As a first-time grandfather, I read the results of the “National Survey on Children’s Current TV Preferences” conducted by the Southeast Asian Foundation for Children’s Television with great interest and urgency. My granddaughter Julia is two-and-a-half-years old. At her age, she watches an average of 4 hours of television per day. This distresses me no end.
I have become familiar with the day programming of Philippine television because of her. What I have seen over the past year has not been very encouraging. Compared to about 20 years ago, when my own children were still kids, TV programming for Filipino children today is a desert.
Dubbed the “Anak TV Youth Vote”, the survey was essentially a popularity vote conducted nationwide among 334,078 randomlychosen Filipino youths (193,646 “kids” aged 6 to 12, and 140,432 “teens” aged 13-18). The votes were tabulated according to gender, age bracket, region, and even province. The kids came up with 578 names for their favorite male TV star, and 463 for their favorite female star, showing a rather broad range of choices. But their top 5 preferences for male TV star were Jericho Rosales, Dingdong Dantes, Robin Padilla, John Pratts, and Aga Muhlach. For favorite female star, the top picks were Kristine Hermosa, Claudine Barreto, Jolina Magdangal, Judy Ann Santos, and Tanya Garcia.
The study tallied only the votes for Filipino stars, programs, and TV ads. I suppose there were a number of foreign choices too but these were not tabulated. This is an important datum because it could give us an idea of the comparative influence of foreign programs and commercials on our young viewers. This item assumes greater significance in view of the recent phenomenal reception given to “Meteor Garden,” the Taiwanese teenage telenovela that features the exploits and turbulent personal lives of rich spoiled kids.
The vote was conducted within a one-week period in October 2002. The results were released only the other day. Eight months is a long time in the television industry. The names we have here mirror the TV fare for a very specific period. We cannot be certain if these top favorites are still valid today. Nevertheless, what can we glean from these results? It is quite obvious that Filipino kids are hooked on the so-called “teleseryes” and noontime shows that the rest of the family watches.
The top 3 favorite TV programs of Filipino kids nationwide are not meant for children: Bituin, Sana ay Ikaw na Nga, and MTB (Masayang Tanghali Bayan). These programs routinely feature content not suitable to children. Two of the main hosts of MTB, a 2hour daily noontime show, were recently suspended for obscene language and behavior on camera. Wansapanataym and Sineskwela, the children’s programs, are a distant 4th and 5th.
The top 3 TV male idols of our children, ages 6-12, are Jericho Rosales, Dingdong Dantes, and Robin Padilla. Not one of them appears in a children’s show. Jericho and Dingdong both star in early evening telenovelas aimed at mature audiences, while Robin made a name for himself as a young toughie in the movies and in real life, a rebel without a cause. No actor or character from any educational or children’s show appears in the top 10 list of favorite male TV stars.

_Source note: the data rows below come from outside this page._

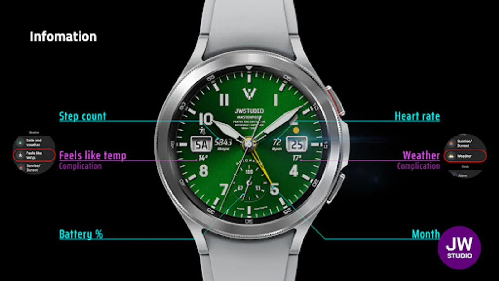 * 이 시계 모드는 Samsung Galaxy Watch 4와 같은 새로운 Wear Os Google / One UI Samsung 운영 체제 기반 장치용 Samsung의 새로운 "Watch Face Studio" 도구로 개발되었습니다.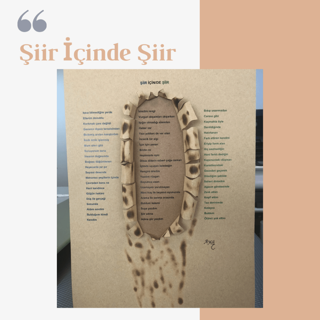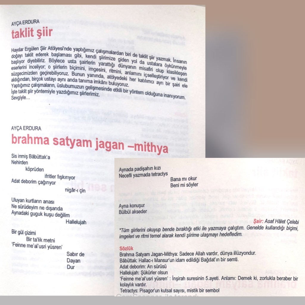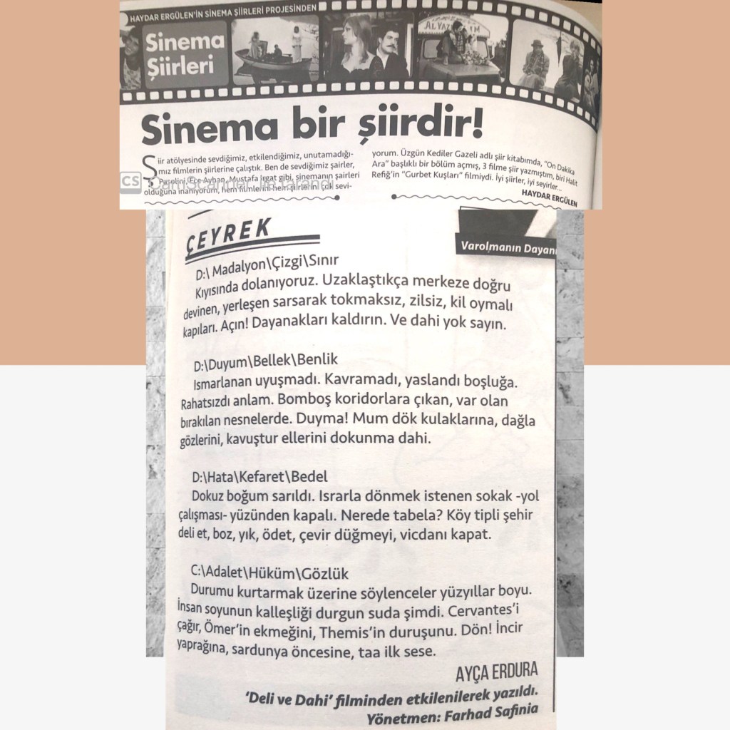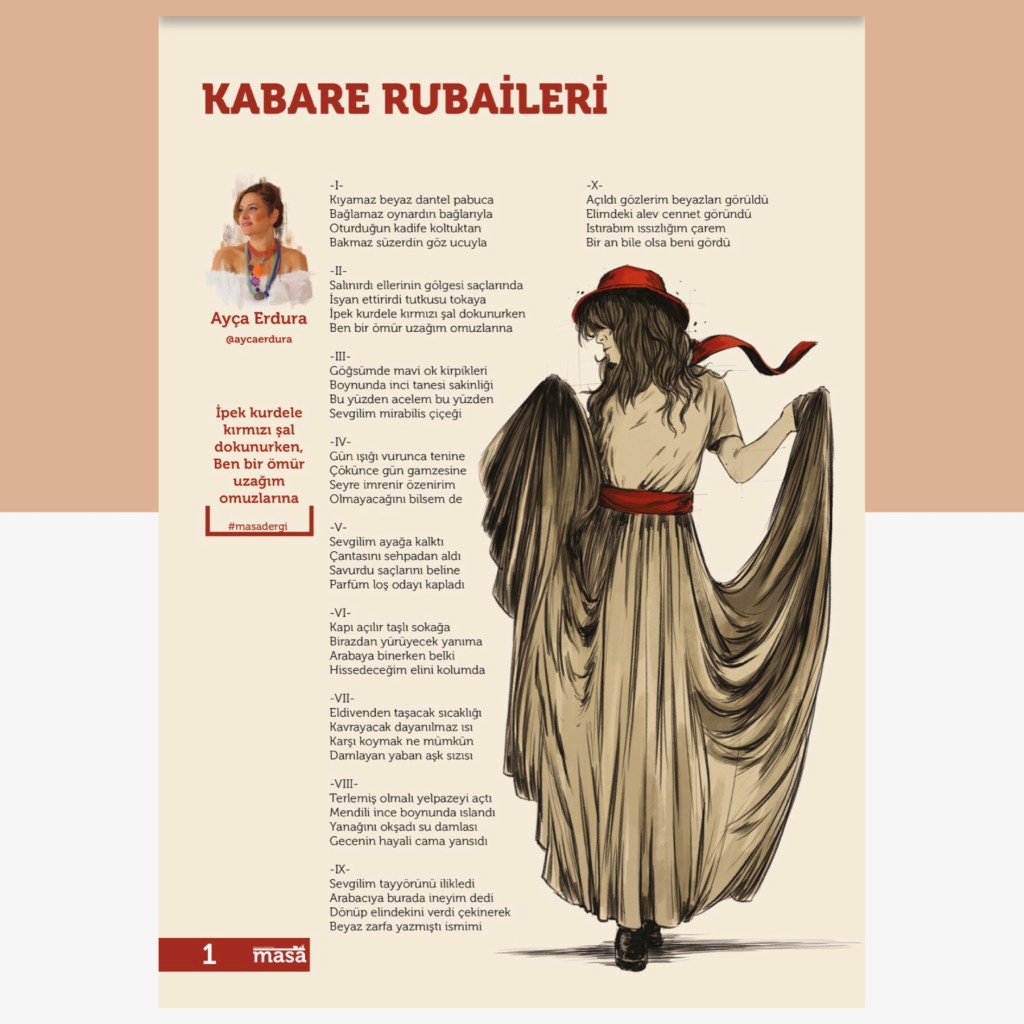 Şiirlerim 10 Mart 202122 Mayıs 2021 Ayça Erdura Görsel Şiirlerim Dergilerde Yayımlanan Şiirlerim Varlık Dergisi Ağustos 2020 Şeref Bilsel’in Yorumu Masa Dergisi Mart 2020 Mayıs 2020 Haziran 2020 Kasım 2020 Edebiyatist Dergisi Mart Nisan 2020 Kalbin Segahı okuma seçenekleri Mart Nisan 2021 Bavul Dergisi Kasım 2020 Sadece Şiir Dergisi Haziran Ağustos 2020 Hayal Dergisi Ocak-Şubat-Mart 2021 Edebiyat Atölye Dergisi Aralık Ocak Şubat 2021 Veronika Dergisi Mayıs Haziran 2020 Temmuz Ağustos 2020 Papirüs Dergisi Temmuz Ağustos 2020 Eylül Ekim 2020 Kasım Aralık 2020 Patika Dergisi Nisan-Mayıs-Haziran 2021 Natama Dergisi Nisan-Eylül 2021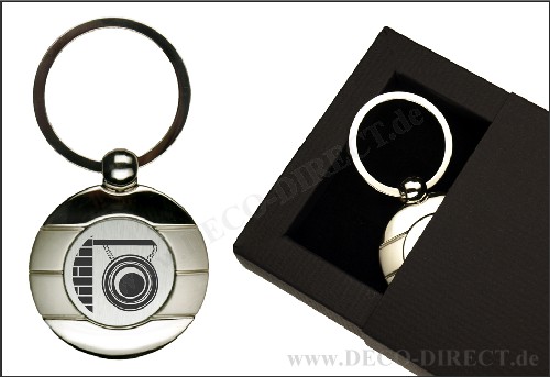 DECO DIRECT® Schlüsselanhänger rund Frisör aus Metall, L: ca. 7,5 cm, in exklusiver Geschenkverpackung, Gravurempfehlung: Schild auf Geschenkverpackung, Bestellnummer: 10150960

The same thing is true for the top TV female idols. Our children’s choices are: Kristine Hermosa, Claudine Barreto, and Jolina Magdangal. Again, the names of Kristine and Claudine are synonymous with Filipino teledrama. Not one of the three is associated with children’s programs.
I wasn’t sure what to make of these choices because I do not watch their programs. The study did not explore the reasons for these preferences. Neither was any information gathered on the images that young respondents associated with them. So I decided to hold a small discussion with the people in my house, including my daughters, the househelp, and the 10-year-old and 5-year-old children of one of our househelp. Their pointed descriptions of the TV personalities most admired by our young people were startling in their unanimity.
The adjectives they used to refer to these idols – e.g., “wholesome,” “sosyal,” “inglisera,” “maputi,” “tisoy,” “guwapo,” “macho,” “cute,” “mahinhin,” “palatawa,” “mabait,” “palaban,” “sexy,” “good actress” – placed a high value on good looks (usually associated with fair skin), good physique, wealth, social skills, talent, sense of humor, and personal charisma. While I did not find any of these choices particularly disturbing from the standpoint of personal example, some may point to the choice of Robin Padilla as problematic on account of his jail record and early image as “barumbado.” But I wonder how many of these stars stood out for the kids as icons of integrity, intelligence, personal discipline, and social responsibility.
My personal sense of the situation we face today tells me that the TV industry in our country has betrayed the interests of the Filipino child by packing those viewing hours that in other societies are reserved to children’s programs with a torrential supply of mindless shows and telenovelas meant for more mature audiences. It has also violated these interests by a sin of omission – by failing to support the production of innovative children’s programs that purposely reflect the best values and traits of our culture.